Stored records
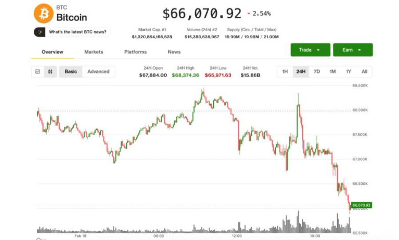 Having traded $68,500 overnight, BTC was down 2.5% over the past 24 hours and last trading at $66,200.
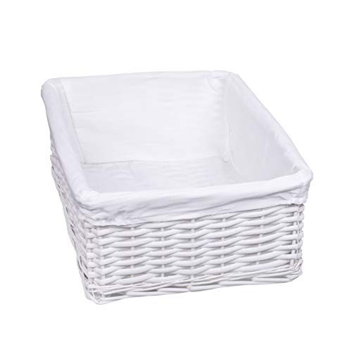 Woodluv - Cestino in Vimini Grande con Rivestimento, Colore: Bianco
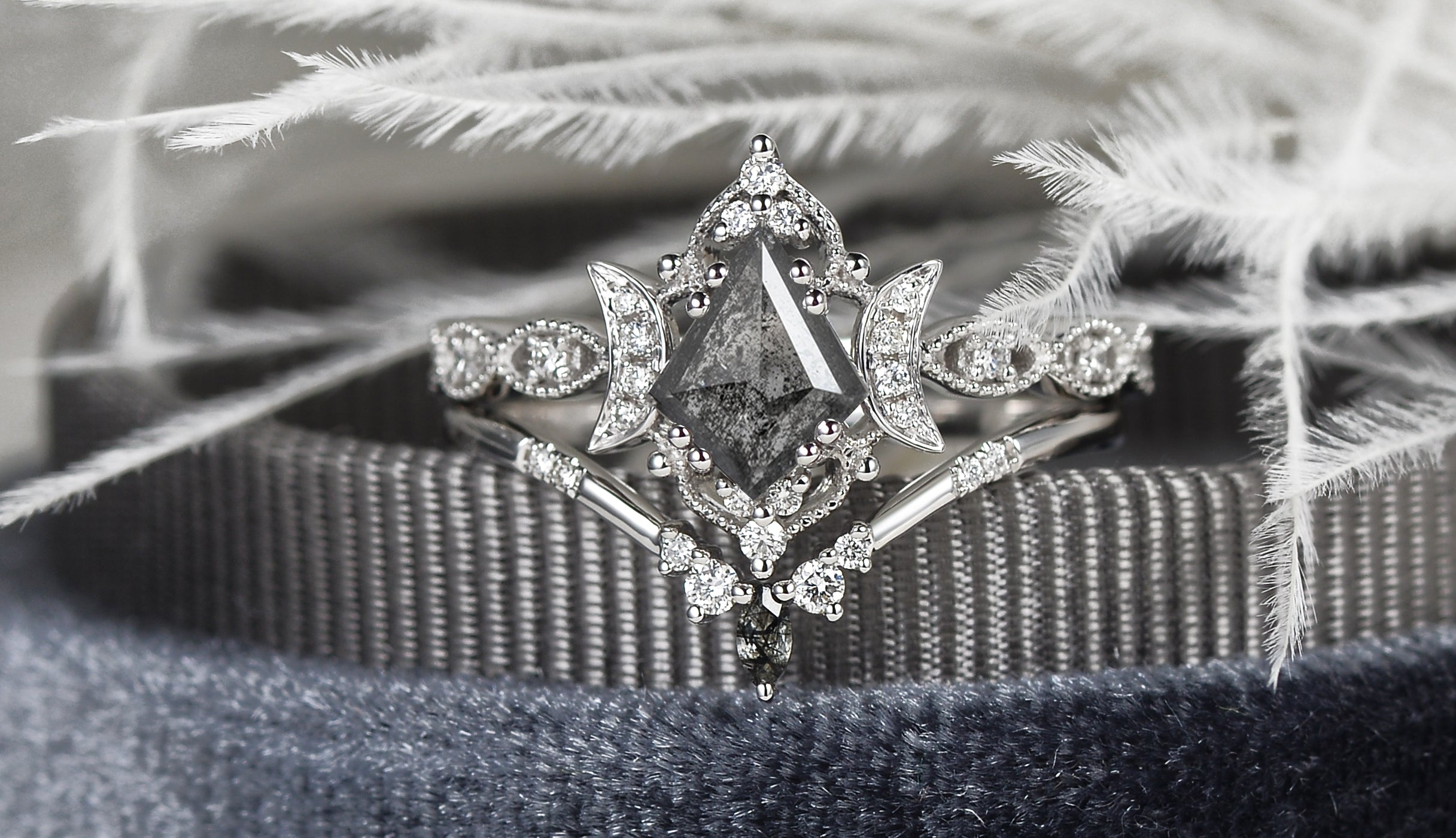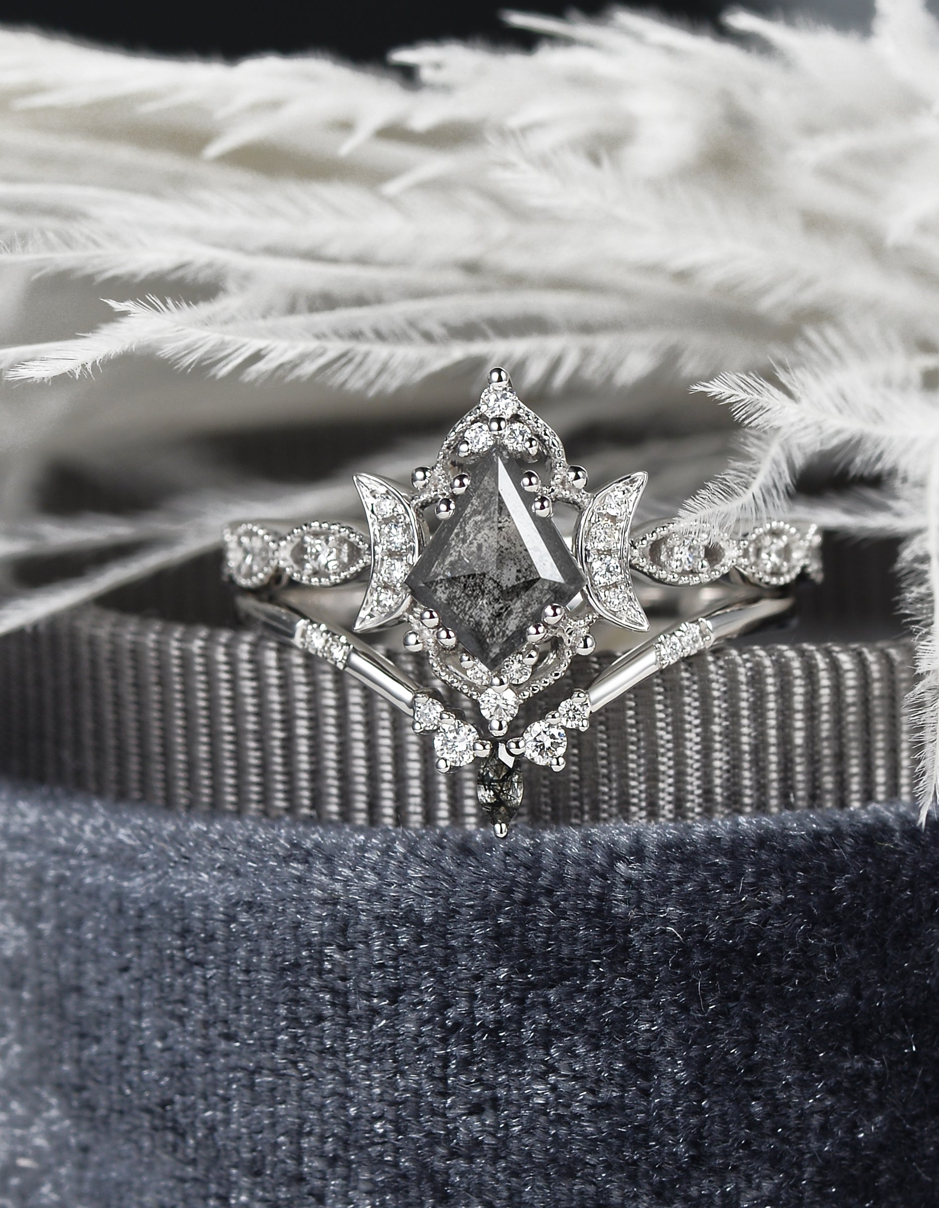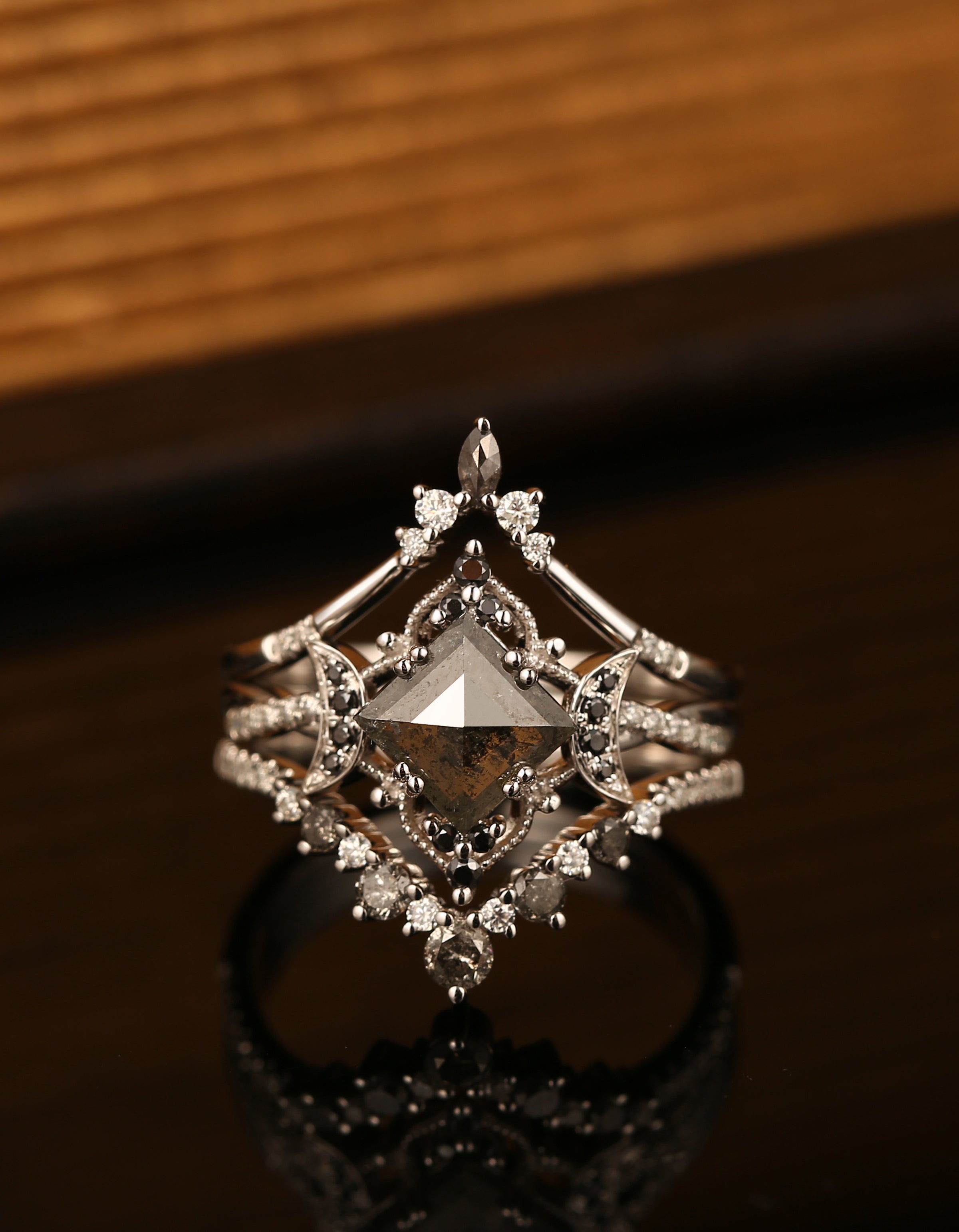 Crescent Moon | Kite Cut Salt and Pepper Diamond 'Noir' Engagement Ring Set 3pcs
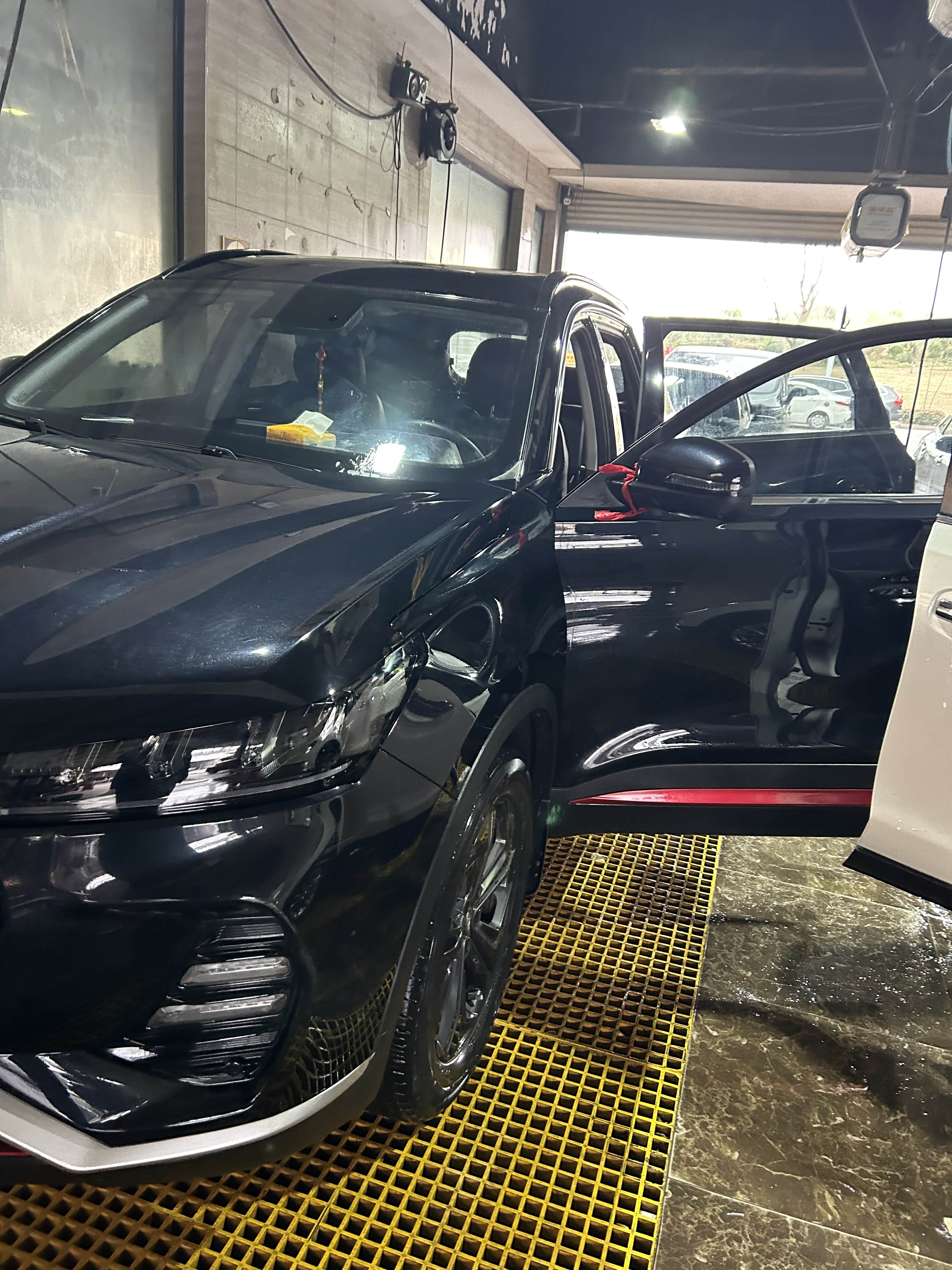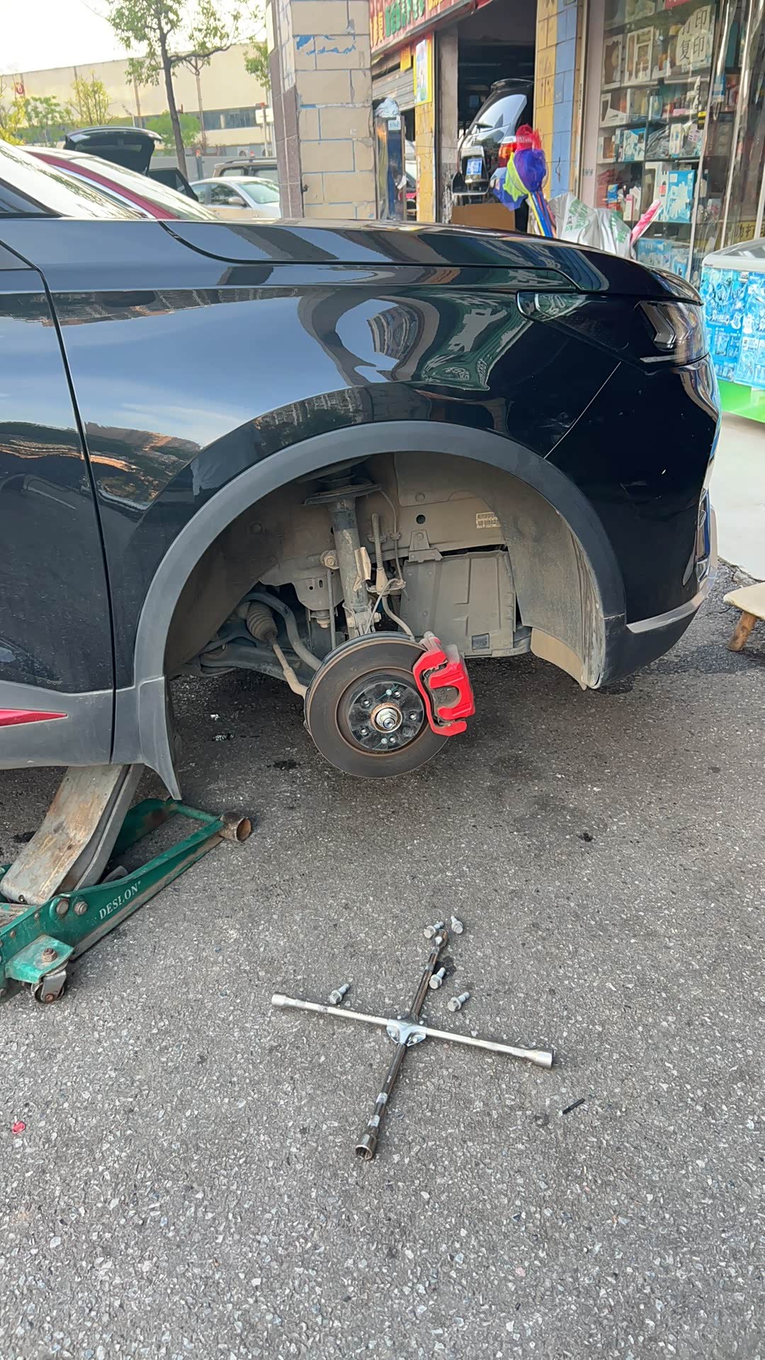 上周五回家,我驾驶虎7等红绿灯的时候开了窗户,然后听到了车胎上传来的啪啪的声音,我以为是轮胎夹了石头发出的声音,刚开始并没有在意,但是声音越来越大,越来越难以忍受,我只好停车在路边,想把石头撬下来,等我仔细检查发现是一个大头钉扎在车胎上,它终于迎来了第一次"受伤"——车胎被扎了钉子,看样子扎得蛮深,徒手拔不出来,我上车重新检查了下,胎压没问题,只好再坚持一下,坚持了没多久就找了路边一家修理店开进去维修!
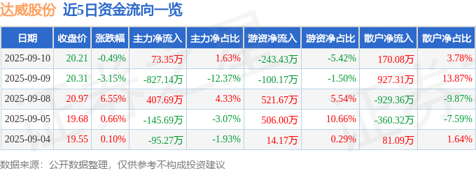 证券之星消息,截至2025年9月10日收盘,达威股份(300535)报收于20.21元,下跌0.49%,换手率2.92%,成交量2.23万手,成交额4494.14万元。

INSTRUCTIONS FOR THE TASK: Give back exactly the lines from the one with "Woodluv - Cestino" through the end of the records above, inclusive, and omit any pictures.

WRITTEN RESPONSE:
 Woodluv - Cestino in Vimini Grande con Rivestimento, Colore: Bianco
 Crescent Moon | Kite Cut Salt and Pepper Diamond 'Noir' Engagement Ring Set 3pcs
 上周五回家,我驾驶虎7等红绿灯的时候开了窗户,然后听到了车胎上传来的啪啪的声音,我以为是轮胎夹了石头发出的声音,刚开始并没有在意,但是声音越来越大,越来越难以忍受,我只好停车在路边,想把石头撬下来,等我仔细检查发现是一个大头钉扎在车胎上,它终于迎来了第一次"受伤"——车胎被扎了钉子,看样子扎得蛮深,徒手拔不出来,我上车重新检查了下,胎压没问题,只好再坚持一下,坚持了没多久就找了路边一家修理店开进去维修!
 证券之星消息,截至2025年9月10日收盘,达威股份(300535)报收于20.21元,下跌0.49%,换手率2.92%,成交量2.23万手,成交额4494.14万元。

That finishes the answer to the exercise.